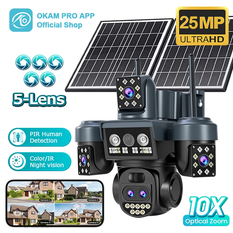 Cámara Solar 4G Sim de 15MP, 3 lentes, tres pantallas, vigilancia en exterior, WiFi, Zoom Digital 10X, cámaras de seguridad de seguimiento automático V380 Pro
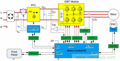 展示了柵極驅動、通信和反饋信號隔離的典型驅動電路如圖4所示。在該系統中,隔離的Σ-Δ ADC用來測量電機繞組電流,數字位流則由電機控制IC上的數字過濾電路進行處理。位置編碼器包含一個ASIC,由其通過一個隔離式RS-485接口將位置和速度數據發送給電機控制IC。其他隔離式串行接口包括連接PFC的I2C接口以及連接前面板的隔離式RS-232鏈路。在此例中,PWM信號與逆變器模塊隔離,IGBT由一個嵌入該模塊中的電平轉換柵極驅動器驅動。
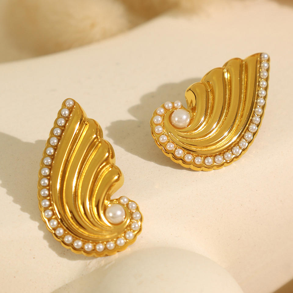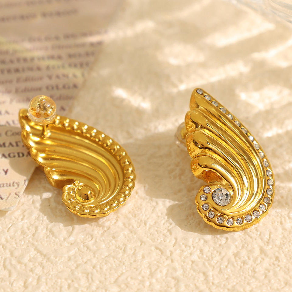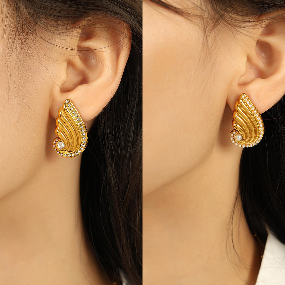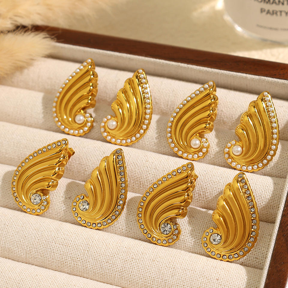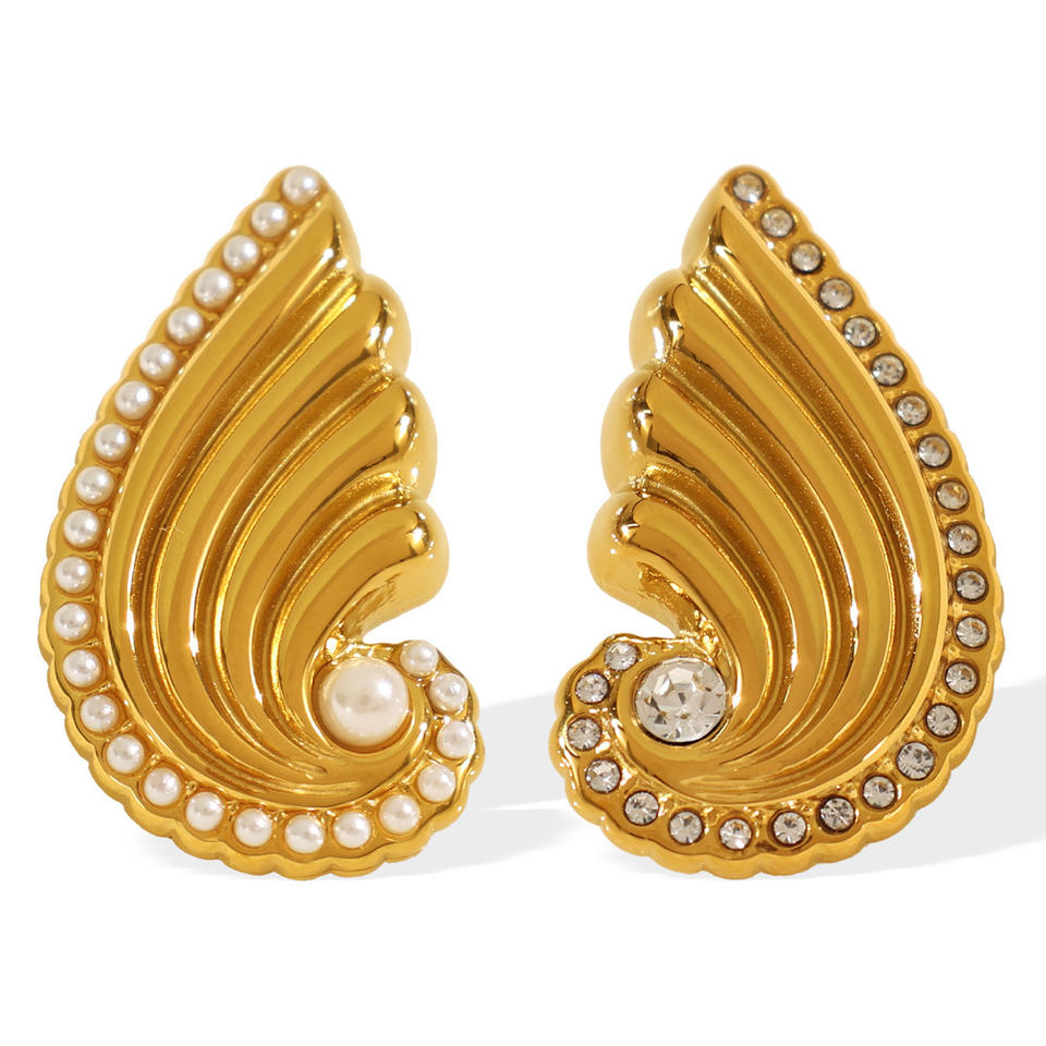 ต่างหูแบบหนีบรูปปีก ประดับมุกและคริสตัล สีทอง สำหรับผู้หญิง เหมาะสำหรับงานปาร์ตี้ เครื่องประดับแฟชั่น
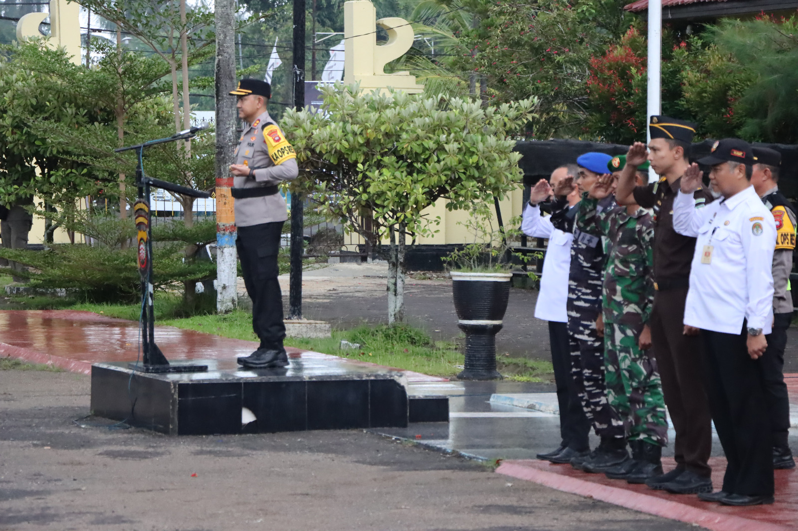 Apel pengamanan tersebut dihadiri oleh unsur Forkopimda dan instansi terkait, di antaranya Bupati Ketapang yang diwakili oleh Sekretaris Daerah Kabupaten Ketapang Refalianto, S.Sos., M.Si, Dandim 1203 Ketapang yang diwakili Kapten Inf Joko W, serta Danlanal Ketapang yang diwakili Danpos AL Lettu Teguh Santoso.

****************************************

→ **Problem to work on**:
Reproduce, with the pictures omitted, exactly those lines that run from the line with "ต่างหูแบบหนีบรูปปีก ประดับมุกและคริสตัล สีทอง" to the last line of the material, both ends included.

→ **Exercise solution**:
 ต่างหูแบบหนีบรูปปีก ประดับมุกและคริสตัล สีทอง สำหรับผู้หญิง เหมาะสำหรับงานปาร์ตี้ เครื่องประดับแฟชั่น
 Apel pengamanan tersebut dihadiri oleh unsur Forkopimda dan instansi terkait, di antaranya Bupati Ketapang yang diwakili oleh Sekretaris Daerah Kabupaten Ketapang Refalianto, S.Sos., M.Si, Dandim 1203 Ketapang yang diwakili Kapten Inf Joko W, serta Danlanal Ketapang yang diwakili Danpos AL Lettu Teguh Santoso.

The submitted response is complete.